TASK - Make an exact transcript of the lines in the data below, starting with the one containing "Kai Freelow |" and going on through the one containing "むす美では、可愛い花の輪のお", with both included and the pictures left out.

++++

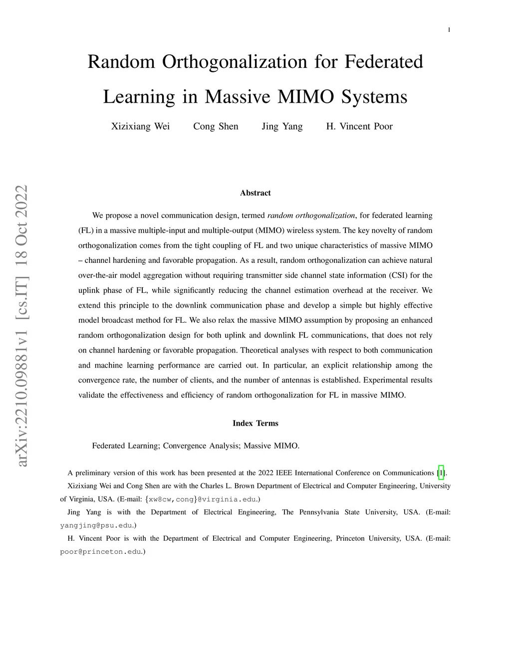 We propose a novel communication design, termed random orthogonalization, for federated learning (FL) in a massive multiple-input and multiple-output (MIMO) wireless system. The key novelty of random orthogonalization comes from the tight coupling of FL and two unique characteristics of massive MIMO -- channel hardening and favorable propagation. As a result, random orthogonalization can achieve natural over-the-air model aggregation without requiring transmitter side channel state information (CSI) for the uplink phase of FL, while significantly reducing the channel estimation overhead at the receiver. We extend this principle to the downlink communication phase and develop a simple but highly effective model broadcast method for FL. We also relax the massive MIMO assumption by proposing an enhanced random orthogonalization design for both uplink and downlink FL communications, that does not rely on channel hardening or favorable propagation. Theoretical analyses with respect to both communication and machine learning performance are carried out. In particular, an explicit relationship among the convergence rate, the number of clients, and the number of antennas is established. Experimental results validate the effectiveness and efficiency of random orthogonalization for FL in massive MIMO.
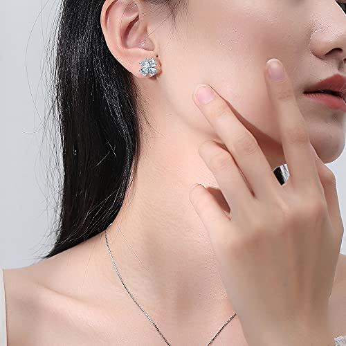 Erba del quattro-foglio Gioielli Cuore Orecchini argento 925 Donna "Lucky Clover",Anallergici, Delicata Scatola di Gioielli, Acquamarina Gioiello Delicato Porta Fortuna Amuleto, Regalo per Lei
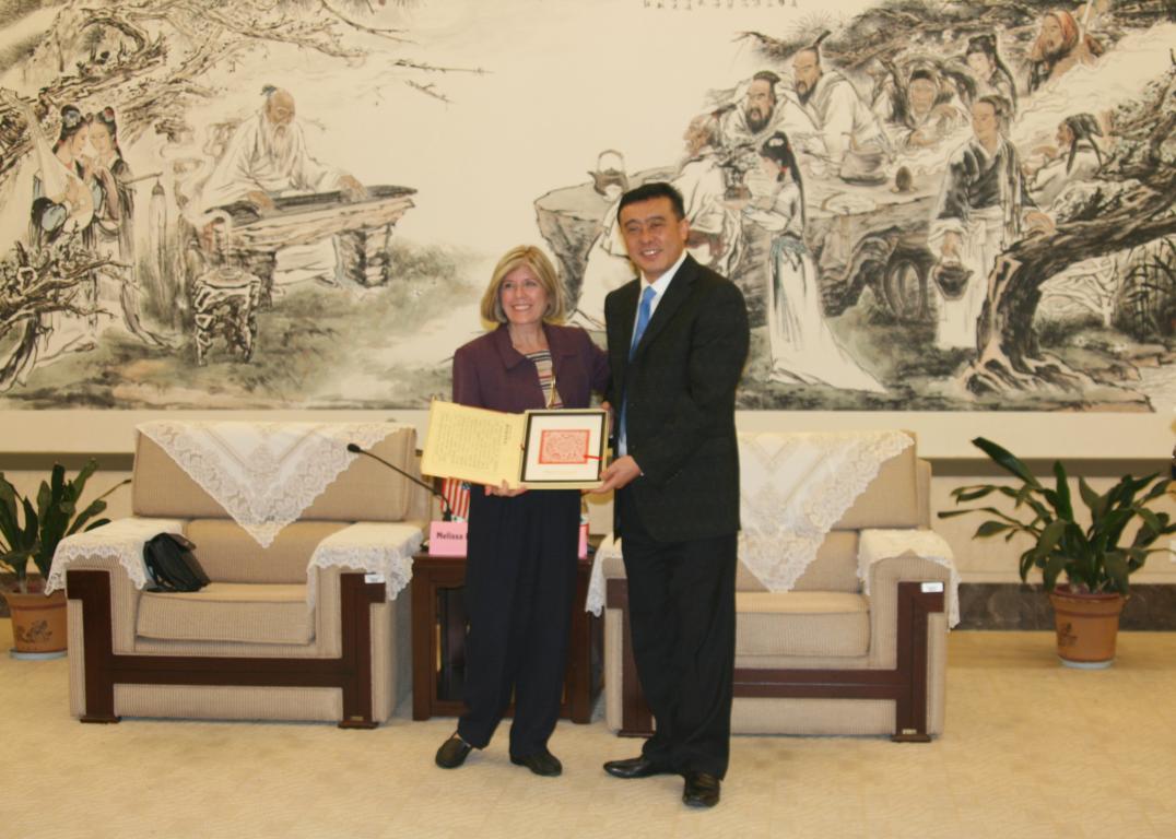 严晓鹏院长、方建敏书记、办公室主任包含丽、教学科长张雪萍热情会见客人。
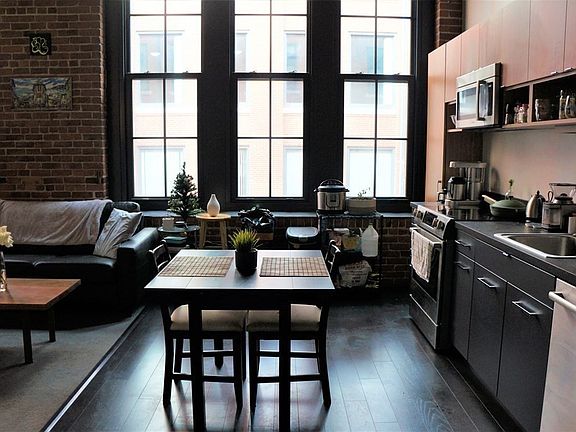 IMPORTANT: Affordable housing unit subject to Boston Housing Authority income limits - Unit subject to an affordable housing covenant.Boston Housing Authority Limits 1 person household ($66,650-$83,300); 2 person household ($76,200-$95,200) Max household assets $100,000, excluding retirement. OWNER OCCUPANTS ONLY.SEAPORT DISTRICT! This fabulous studio has all the character of a true industrial loft with all the luxury of a modern home converted in 2016. This loft style, open floor plan has soaring 13ft ceilings, brick and beam construction and massive warehouse style windows. Kitchen with honed black granite countertops, Bosch stainless-steel appliances and wood flooring throughout complement this amazing space. Custom wood wall offers partial separation between bedroom space and living area. Walk-in closet with built-ins, in-unit laundry, bike room and common roof deck. Garage parking options can be found next door at Necco Garage.
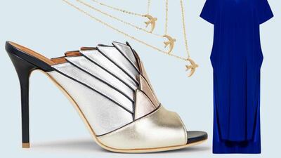 Fill the V-neck of a bold kaftan with a layered necklace and accessorise with statement metallic mules.
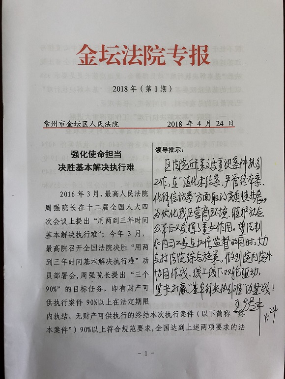 近日,为深入推进“用两到三年时间基本解决执行难”工作,金坛法院向区委、区人大、区政府、区政协等部门报送了《强化使命担当决胜基本解决执行难》的专报。区人大主任王跃中在我院报送的专报上作出重要批示,王跃中主任认为,区法院近年来高度重视案件执行工作,在“消化未结案、严管终本案、化解信访案”方面取得了实质性进展,为优化我区营商环境发挥了重要作用。望法制和内司工委在加强监督的同时,大力支持法院综合施策,做到院内院外协同作战、线上线下双轮驱动,坚决打赢“基本解决执行难”攻坚战。
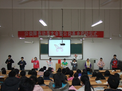 为进一步完善我院学生资助体系,强化学生责任意识和感恩意识,2011年12月11日晚7:30,人文社会科学学院青年励志社在雁山校区07518隆重举行“公益服务动员大会暨公益基金启动仪式”。出席此次会议的嘉宾有我院负责学生资助工作的陈琳老师,我院团委副书记张晓君、学生会主席吴俊生、副主席胡靖波,此外,我院本年度获得奖助学金的学生参加了本次活动。
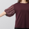 透け感のある繊細なチュール素材を二枚重ねたバルーンスリーブがポイント。
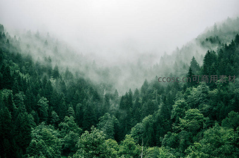 云海漫过山谷,苍翠森林沉浮于雾霭之间
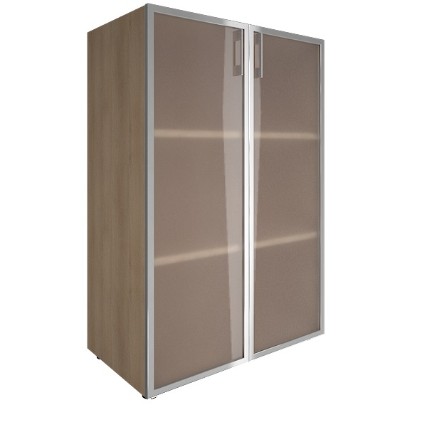 Шкаф книжный средний со стеклом в раме без топа YALTA LT-ST 2.4R Снежная Платина
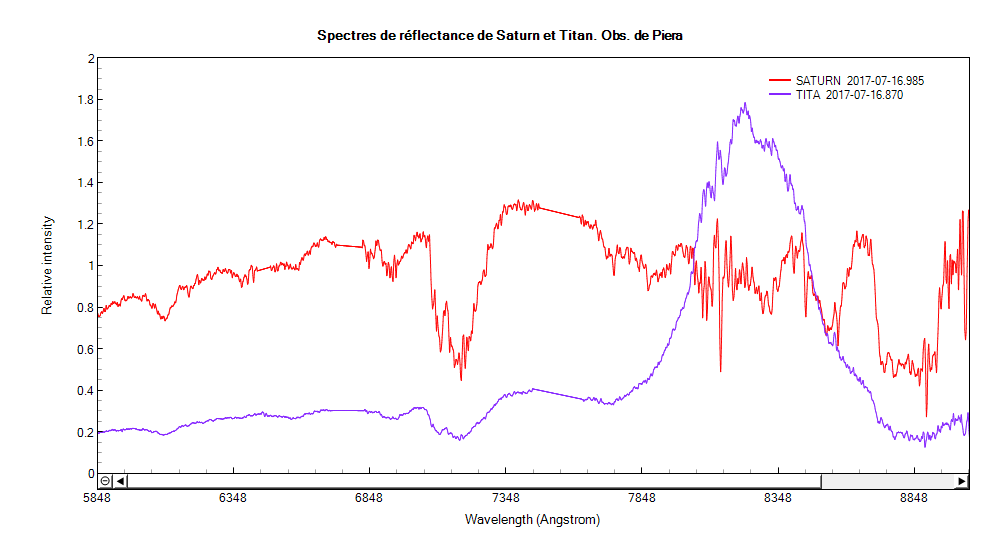 J'ai un bon nombre d'observations de Titan dans les années 2011 et 2012, également dans l'infrarouge avec résultats bons et estables. Quand il n'y avait pas de nuages. Ensuite, les anciennes observations pourraient être comparées au courant, en essayant de détecter des variations possibles dans les bandes de méthane, en particulier vers les 8630 et 8900 angströms.
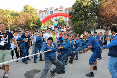 开幕式结束后,拔河比赛在一片呐喊助威声中正式开始,经过激烈的角逐,来自迎驾集团和应流集团的拔河队伍分别获得女子、男子拔河冠军。
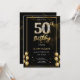 50º Convite de Aniversário Dourado e Preto Diamante,
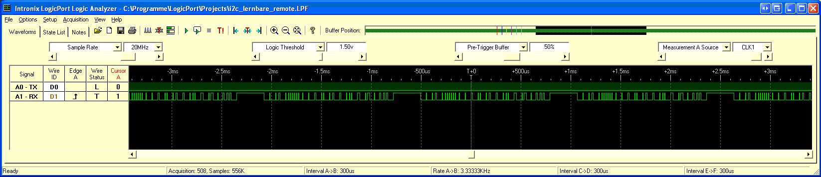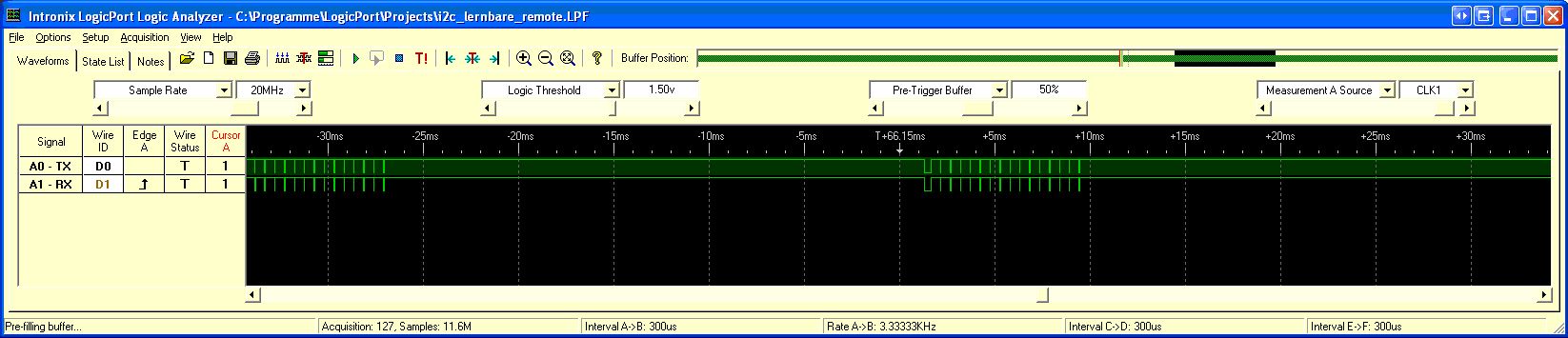 Mit einem IXXAT USB-To-CAN auf der anderen Seite sieht es genau so aus. Hier nochmal ein Bild (can5.gif) vom TXCAN und RXCAN vom AT90CAN128, wenn der IXXAT noch mit auf dem Bus ist. Kein Unterschied. Dann habe ich mal den TXCAN vom Controller abgehängt und den IXXAT senden lassen. Dieser wäre ja jetzt auch alleine auf dem Bus. Da erkennt man sofort, dass eine ID und Daten gesendet werden, bis er beim fehlenden ACK abbricht. Der AT90CAN128 sollte sich genauso verhalten, wenn er alleine auf dem Bus ist - zumindest bei der ersten Sendung gleich nach dem Reset...
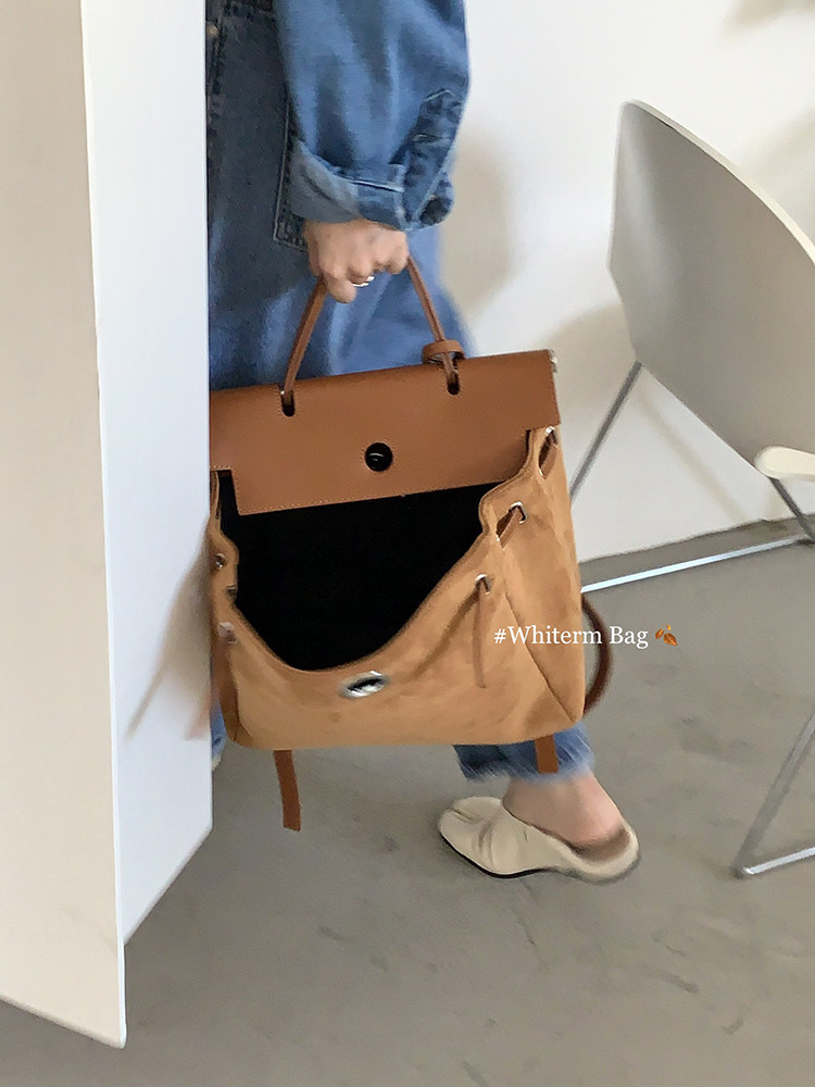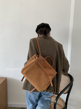 Whiterm 韩版秋冬新款复古绒面双肩包休闲背包百搭单肩女包凯莉包
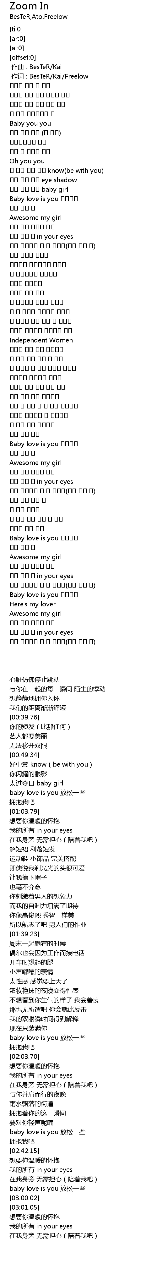 | [00:01.00] | zuò cí : BesTeR Kai Freelow |
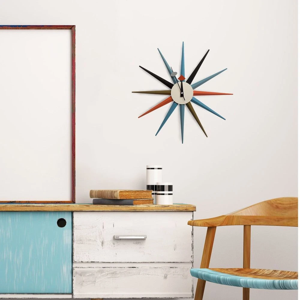 The Sunburst Clock is one of the most recognized clocks in modern day history and provides a bright alternative to the less-than-exciting standard time pieces. This mid century modern wall clock is an icon of modern design. This clock is battery powered with 1 AA battery and has a quartz driven mechanism. These modern wall clocks have an attractive sculptural shape and they are a refreshing alternative to the usual traditional timekeepers.
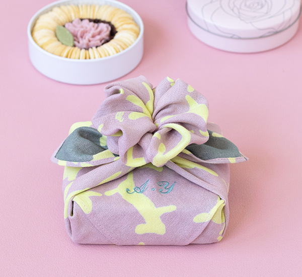 むす美では、可愛い花の輪のお菓子を更にふろしきでお花の形にラッピングさせていただきます。
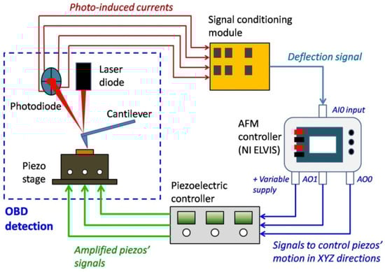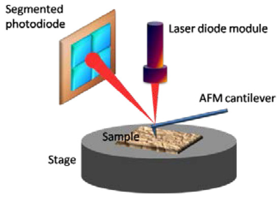 In AFM, the surface of interest is scanned by a sharp tip mounted at the end of a cantilever. The force between the tip and sample can be determined by measuring the deflection of the cantilever. Due to simple design and easy alignment, OBD [21] is the most common setup in commercially available AFM systems. In an OBD system, the key components that act as deflection sensors are the laser beam, the cantilever, and the photodiode as shown in Figure 1. Typically, the deflection is measured using alaserspot reflected from the back of the cantilever into a segmented photodiode. The laser beam that is deflected from the backside of the cantilever provides measurements of the difference in light intensities between the upper and lower segments of a four-quadrant photodiode. The photo-induced currents from the photodiode are fed into a signal conditioning module which produces a voltage signal proportional to the differences in the light intensities between the upper and lower segments of the photodiode. This voltage signal is known as the deflection signal. Through data acquisition and a control system, the height of the sample stage is controlled to maintain a constant force between the AFM tip and the sample. A topographic image of the sample is obtained by plotting the height versus its x-y position on the sample.
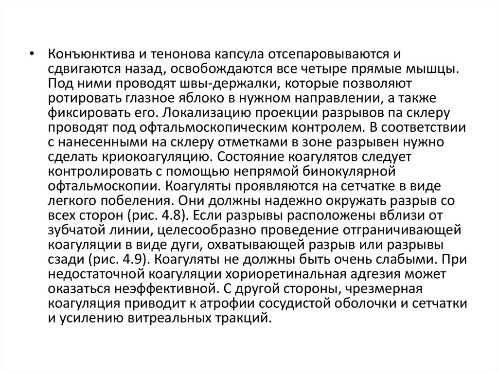 офтальмоскопии. Коагуляты проявляются на сетчатке в виде
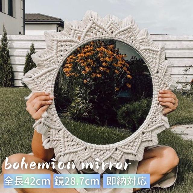 【在庫限り】 鏡 ミラー ボヘミアン 壁掛けミラー 42cm 高級 ホテル おしゃれ 壁掛けミラー おしゃれ デザインミラー シンプル オシャレ 姿見 全身鏡 モダン 北欧 インテリア 新築 リフォーム 美容 サロン 化粧鏡 女優ミラー キレイ ウォールミラー
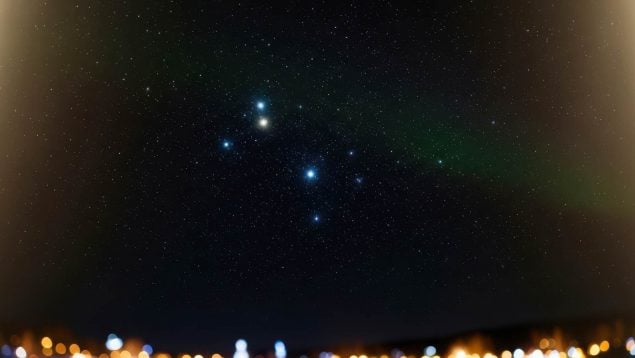 - Encuentra la constelación de Orión. Es fácil de identificar por las tres estrellas alineadas de su “cinturón”; son las llamadas “Tres Marías”.
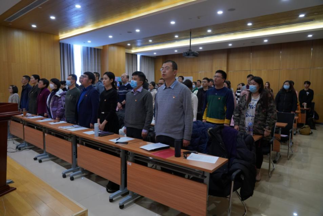 大会在庄严的国歌声中拉开帷幕。学院党总支书记曾庆梅代表上一届党总支做题为《牢记立德树人初心 勇担为党育人使命 全面加快学院事业高质量内涵式发展》的工作报告。曾庆梅表示,学院党总支牢记立德树人的初心,勇担为党育人、为国育才的教育使命,在学校党委的正确领导下,充分发挥政治核心和领导作用,全面推进学院事业科学、快速、健康发展,党的建设和学院建设都取得了可喜成绩。她指出学院的事业发展正处于质量提升、改革攻坚的重要阶段,提出今后一个时期学院发展的指导思想、发展目标和发展举措。她表示党总支政治建设和从严治党主体责任要进一步深化落实,学院学科和专业建设要进一步进行专业课程和人才培养特色凝练,中英双语教学的人才培养模式要进一步探索,课程思政建设要进一步推动,人才队伍结构要进一步改善,党建和思想政治工作的针对性和实效性要进一步提高,基层党组织在发挥作用方面还需进一步增强,党风廉政建设要持续推进。她还提出了自觉落实意识形态工作责任制,充分发挥海归党员教师的先锋模范作用,不断加强宣传阵地的建设,落实意识形态把关机制,注重挖掘和运用好新媒体,不断拓展宣传思想工作的平台的倡议。
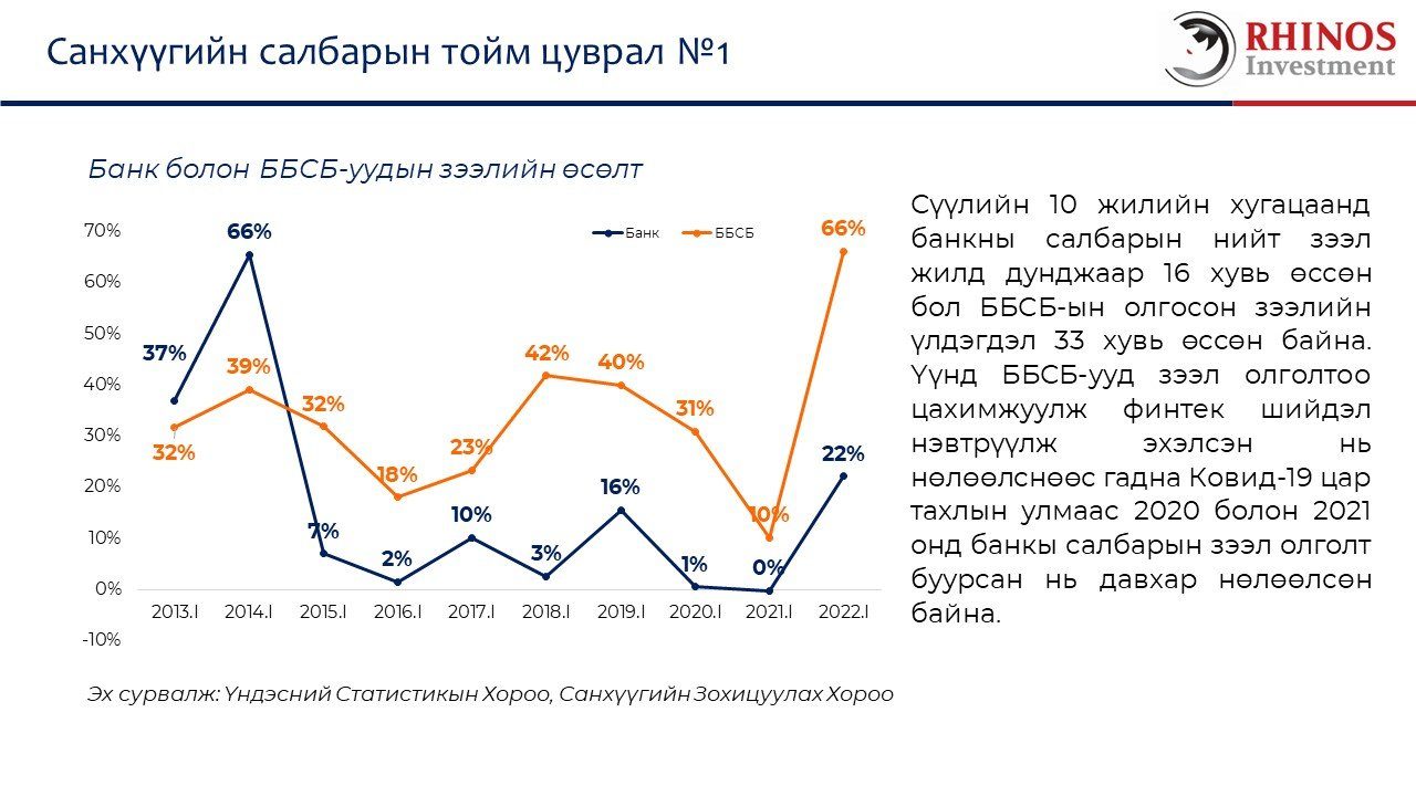 - Сүүлийн 10 жилийн хугацаанд банкны салбарын нийт зээл жилд дунджаар 16 хувь өссөн бол ББСБ-ын олгосон зээлийн үлдэгдэл 33 хувь өссөн байна. Үүнд ББСБ-ууд зээл олголтоо цахимжуулж, финтек шийдэл нэвтрүүлж эхэлсэн нь нөлөөлснөөс гадна Ковид-19 цар тахлын улмаас 2020 болон 2021 онд банкны салбарын зээл олголт буурсан нь давхар нөлөөлсөн байна.

++++

RESPONSE -
 | [00:01.00] | zuò cí : BesTeR Kai Freelow |
 The Sunburst Clock is one of the most recognized clocks in modern day history and provides a bright alternative to the less-than-exciting standard time pieces. This mid century modern wall clock is an icon of modern design. This clock is battery powered with 1 AA battery and has a quartz driven mechanism. These modern wall clocks have an attractive sculptural shape and they are a refreshing alternative to the usual traditional timekeepers.
 むす美では、可愛い花の輪のお菓子を更にふろしきでお花の形にラッピングさせていただきます。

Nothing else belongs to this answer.